Inherited trauma is pervasive throughout David Gordon Green’s surprisingly poignant sequel to John Carpenter’s slasher classic. Green and co-writers Danny McBride and Jeff Fradley re-contextualize key iconic moments from Carpenter’s film to bring the “final girl” trope to a thoughtful conclusion and explore Laurie’s evolution as a victim. Early on, a pair of investigative journalists interview Laurie for their podcast, where they needle her about her failed marriages and losing Karen, while insisting that Michael Myers isn’t the Boogeyman or some mythical monster — he’s just a human being. To that, Laurie delivers a crucial line of dialogue that defines this Halloween as much as the William Shatner mask and knife came to define Myers himself: Calling out the pair for trying to humanize the masked serial killer who killed her friends, Laurie remarks, “I’m twice divorced, and I’m a basket case.”

It’s not long after that Allyson looks out her classroom window and sees Laurie standing across the street, not unlike the time Laurie saw Michael watching her at school four decades earlier. Later, during Laurie’s confrontation with Michael, she’s wounded and tossed over the balcony, where she lands on the ground below. When Michael looks down a moment later, Laurie is gone. These role-reversals underline Laurie’s new place in the world. There is nothing more dangerous than a woman who has been traumatized. Or, as Hannah Gadsby says in the earth-shattering Nanette, “There is nothing stronger than a broken woman who has rebuilt herself.”

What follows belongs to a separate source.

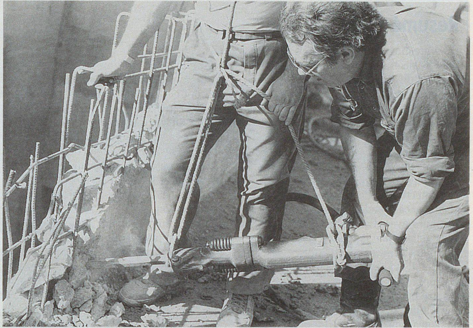
Ein unkonventioneller aber praxisgerechter Bohrhammereinsatz.

Erst in den Wiederholungskursen werden spezielle Schulungen resp. Trainings angeboten und durchgeführt. So sind zum Beispiel alle Angehörigen der Sanitätsformationen sowie die Kader der Rettungsdetachements in der Herz-Lungen-Reanimation (CPR) ausgebildet und geprüft. Die Angehörigen der Bevölkerungsschutzdetachements leisten Dienst in Alters- und Pflegeheimen, in Alzheimerlagern und beim Behindertentransport TIXI. Die mobilen Rettungsdetachements absolvieren in unwegsamen Berggebieten, unter erschwerten Bedingungen, ihren Dienst. ▣
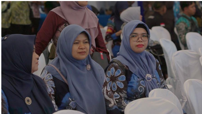
Gambar 2. 15 Perpaduan sasirangan bordir dan tanpa border

Pada tahapan produksi ini, penulis juga melakukan pengambilan video dimana penulis menyampaikan kesimpulan yang didapatkannya berdasarkan dari wawancara. Lokasi pengambilan video di museum Lambung Mangkurat yang beralamat di jalan Ahmad Yani KM. 35,5 Kecamatan Banjarbaru Utara. Penulis mengambil latar belakang bangunan gedung museum yang menyerupai rumah Bumbungan Tinggi pada saat pengambilan video.

And while it may not seem like it to Karen, Laurie has rebuilt — she’s built a new, safer home, she’s built her physical strength and her resilience, and she’s spent 40 years building herself up for a confrontation that’s unavoidable. Some would say she’s a paranoid victim, but Laurie is a wise survivor who has been forced to accept a violent reality. Some would look at her basement and call it a prison, but as Karen states in the film’s most triumphant moment, it’s actually a trap.

If anything, Halloween acknowledges a dark truth that many trauma survivors are forced to live with every day, and that those privileged enough to have never experienced violent trauma dismiss as paranoid lunacy: It can happen again. Through these painful tragedies we (and specifically women) learn a particular set of skills to avoid living through that hell again. Where Carpenter’s Halloween makes Laurie a victim, Green’s Halloween turns her into a survivor.

The ending of Halloween is perhaps the most satisfying of all the 2018 horror stories about trauma: Three generations of women — Laurie, Karen, Allyson — overcome a lifetime of pain that‘s echoed through each of their lives in different ways. They stand together, holding each other, as the Boogeyman who’s tormented them (and, of interesting note, Karen’s dollhouse) is engulfed in flames. Trauma shapes them, but it is not the end of their story.